Y a-t-il un plan caché ou une entourloupe autour de la suspension de la réforme des retraites ? Mardi 21 octobre, depuis la Slovénie, Emmanuel Macron a semé le trouble en affirmant qu'il ne s'agissait ni d'une suspension, ni d'une abrogation, là où Sébastien Lecornu avait bien offert le scalp de la réforme de 2023 au Parti socialiste, pour éviter la censure. Et voilà le gouvernement contraint de cacher, non sans mal, sa gêne.

Le gouvernement parvient-il à lever l'ambiguïté ? Moyennement, mais appelons les choses par leur nom : c'est un couac. Emmanuel Macron, en Slovénie, semblait ne pas vouloir entendre parler du mot "suspension", au point d'instiller le doute. Le mot est pourtant magique, très symbolique aux oreilles des socialistes, qui crient victoire depuis une semaine. Alors, le Premier ministre Sébastien Lecornu continue de le répéter à l'envi, encore mercredi après-midi au Sénat : "L'urgence qui va s'imposer évidemment pour tout le monde, c'est l'urgence budgétaire avec, d'ailleurs, de grands défis qui sont derrière : le rétablissement de nos finances publiques, les cibles des déficits, lance-t-il. Cette suspension, puisqu'il s'agit d'une suspension, n'a de sens que si ces questions sont posées, et on ne pourra pas les balayer d'un revers de main. Ces débats sont importants, peu importe les querelles politiques, et je m'attends à ce que le gouvernement s'en tienne le plus loin possible."

"C'est un gouvernement qui doit se tenir à la disposition du Parlement pour mener ces débats avec beaucoup de dignité et, j'espère, beaucoup de hauteur de vue au service de la République."

Ssébastien Lecornu, Premier ministre

mercredi 22 octobre au Sénat

Traduction : fermez le banc. Pas question de tout saccager ou de prendre le risque d'abîmer le lien de confiance tissé avec le PS depuis l'arrivée de Sébastien Lecornu à Matignon. "Ce qu'on a mis dans la corbeille pour bâtir un compromis, c'est très important", embraye un conseiller. Suspendre la réforme de 2023 est douloureux pour les macronistes, le président a du mal à avaler la pilule, mais avec ce début de polémique, Emmanuel Macron prend aussi le risque de fragiliser son Premier ministre.

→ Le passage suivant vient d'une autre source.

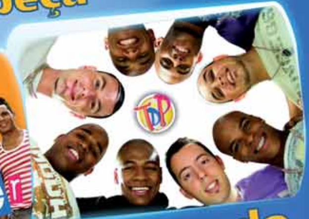
Turma do Pagode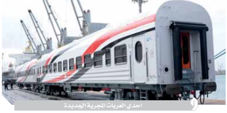
احدي العربيات المجرية الجديدة

خطة طموحة لتطوير كافة مرافق الدولة، وفى مقدمتها قطاع النقل بجميع محاوره، والذى عانى حالة من الركود والتدهور خلال العقود الماضية إلى أن تولي فخامة الرئيس عبدالفتاح السيسى رئاسة الجمهورية، حيث تم وضع خطة استراتيجية للتنمية المستدامة فى مصر فى إطار رؤية ٢٠٣٠، تضمنت ضرورة العمل على إنشاء شبكة طرق حديثة وقوية تربط أقاليم مصر وتربط مصر بالعالم، باعتبار أن النقل هو قاطرة التنمية، الأمر الذى انعكس على كافة الأصعدة فى مجالات النقل بدءاً من حفر قناة السويس الجديدة كمبر مائى عالمى فى زمن قياسي، وإنشاء منطقة اقتصادية لقناة السويس، مروراً بمشروعاتنا الطموحة فى قطاعات النقل المختلفة، وفى مقدمتها السكة الحديد التى شهدت طفرة كبيرة خلال الفترة الأخيرة.

Voilà donc le chef du gouvernement obligé de donner des garanties de sa bonne foi. En gage de bonne volonté, Sébastien Lecornu présente une lettre rectificative, pour insérer dans le projet de budget de la Sécurité sociale la suspension de la réforme des retraites. Cela permet en quelque sorte de graver dans le marbre ce qui a été convenu avec les socialistes. Une procédure technique qui va entraîner la convocation d'un deuxième Conseil des ministres en deux jours, jeudi.

"Il ne faut pas en faire des tonnes"

Mercredi midi, la porte-parole du gouvernement Maud Bregeon tentait de dédramatiser. "Je vois bien la tentation qu'ont les uns et les autres à [enfoncer] un coin entre le président de la République et le Premier ministre, observe-t-elle. Moi, je le dis très simplement, il n'y a pas d'entourloupe, pas de plan caché. Le président de la République, lorsqu'il s'exprime mardi, parle uniquement la mesure d'âge et ne dit pas autre chose que le Premier ministre lorsqu'il répond aux questions au gouvernement. Encore une fois, les mesures, tant sur l'âge que sur la durée de cotisation, sont suspendues jusqu'à la présidentielle. C'est vous qui voulez en faire un couac !"

C'est le premier accroc malgré tout entre Emmanuel Macron et son Premier ministre, à qui il avait promis de laisser carte blanche. "Il ne faut pas en faire des tonnes", évacue un soutien en coulisses, qui rappelle que le Conseil des ministres qui va entériner cette suspension jeudi est convoqué par le président lui-même. Au menu : l'examen de la fameuse lettre rectificative. Un signe, à l'entendre, de la bonne volonté d'Emmanuel Macron. Tendre la main et nouer des compromis, c'est important pour un président attaché à son héritage, convaincu du bien-fondé de sa réforme de 2023, sommé de partager le pouvoir par ses alliés d'hier et qui a pris ici le risque d'ouvrir une bataille sémantique.